Modified velocity commands and unmodified operator commands adjust
the position of a bucket hydraulic cylinder and a boom hydraulic
cylinder.
BRIEF DESCRIPTION OF THE DRAWINGS
[0010] The above-mentioned aspects of the present disclosure and
the manner of obtaining them will become more apparent and the
disclosure itself will be better understood by reference to the
following description of the embodiments of the disclosure, taken
in conjunction with the accompanying drawings, wherein:
[0011] FIG. 1 is a side perspective view of a skid steer loader
machine;
[0012] FIG. 2 is a block diagram of a control system for a loader
machine;
[0013] FIG. 3 is a flow diagram of one embodiment for controlling
the position of a bucket of a loader machine.
[0014] FIG. 4 is a flow diagram of another embodiment for
controlling the position of a bucket for a loader machine.
DETAILED DESCRIPTION
[0015] The embodiments of the present disclosure described below
are not intended to be exhaustive or to limit the disclosure to the
precise forms in the following detailed description.
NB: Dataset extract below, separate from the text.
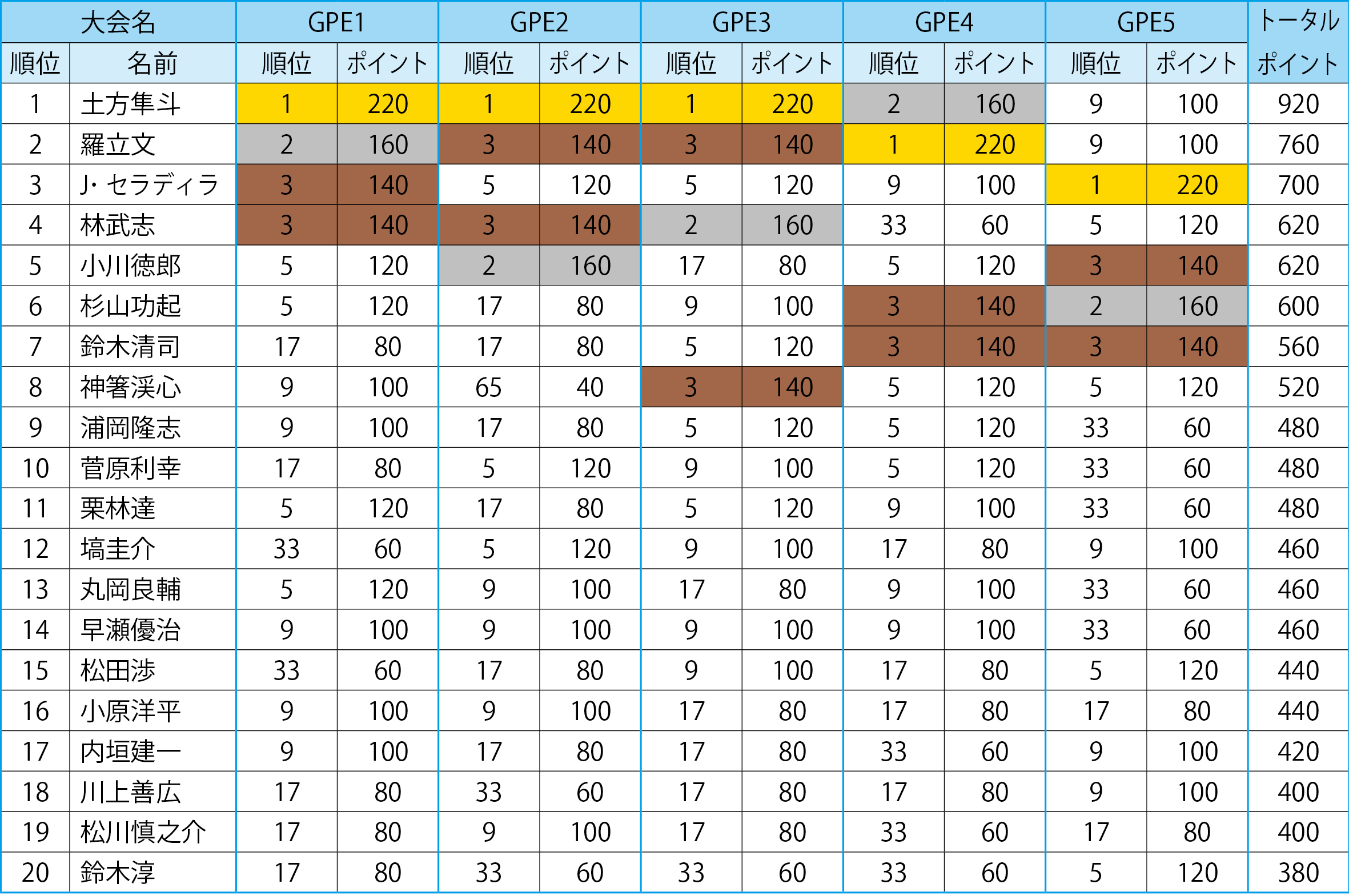 第5戦を終わってのグランプリイーストランキングは、第1戦から3連勝を果たし、その後も準優勝、9位タイとポイントを積み重ねている土方隼斗で、それを追う2位が羅立文。2人のポイント差は260ポイントとなっており、羅が最終戦に勝って220ポイントを積み上げたとしても、土方が33位タイ(60ポイント)以上の成績を挙げればMVPが決定する極めて有利な状況。また、今回決勝トーナメントからスタートするセラディラはすでに100ポイント以上を確定させているため、初のトップ3に食い込む可能性が高い。

Rather, the
embodiments are chosen and described so that others skilled in the
art may appreciate and understand the principles and practices of
the present disclosure.
[0016] Referring to FIG. 1, an exemplary embodiment of a machine,
such as a skid steer loader 100, is shown. This disclosure is not
intended to be limited to a skid steer loader, however, but rather
may include any agricultural, construction, or forestry machinery.
The present disclosure is also directed to front end loader having
a ground engaging traction member, including wheels or tracks, and
lift or boom arms having pivot locations located behind or in front
of an operator of the vehicle. The skid steer 100 includes a
ground-engaging mechanism for moving along the ground. In FIG. 1,
the ground-engaging mechanism includes a pair of front wheels 102
and a pair of rear wheels 104. In another aspect, such as a compact
track loader, the ground-engaging mechanism can be a drive track
disposed on each side of the machine. In a conventional skid steer,
the operator manipulates machine controls from inside a cab 112 to
drive the wheels on the right or left side of the machine 100 at
different speeds to thereby steer the machine 100 in a conventional
manner.
[0017] The machine 100 can be further provided with a work
implement or tool for performing a desired operation. In FIG. 1,
the skid steer 100 includes an implement, such as a loader bucket
106, for collecting material therein and transporting said material
to a desired location. The loader bucket 106 can be pivotally
coupled to a forward portion of a pair of boom arms 108 positioned
on each side of the machine 100. A pair of bucket tilt hydraulic
actuators 114 can extend between the bucket 106 and the boom arms
108 for controlling the tilted orientation of the bucket 106 with
respect to the boom arms 108. Each hydraulic actuator 114 can
include a cylinder rod that actuates back and forth within a
cylinder in response to a change in hydraulic pressure. By
actuating the tilt hydraulic actuators 114, the operator can tilt
the bucket 106 for dumping material therefrom. The term "boom arm"
and "boom" are used interchangeably throughout.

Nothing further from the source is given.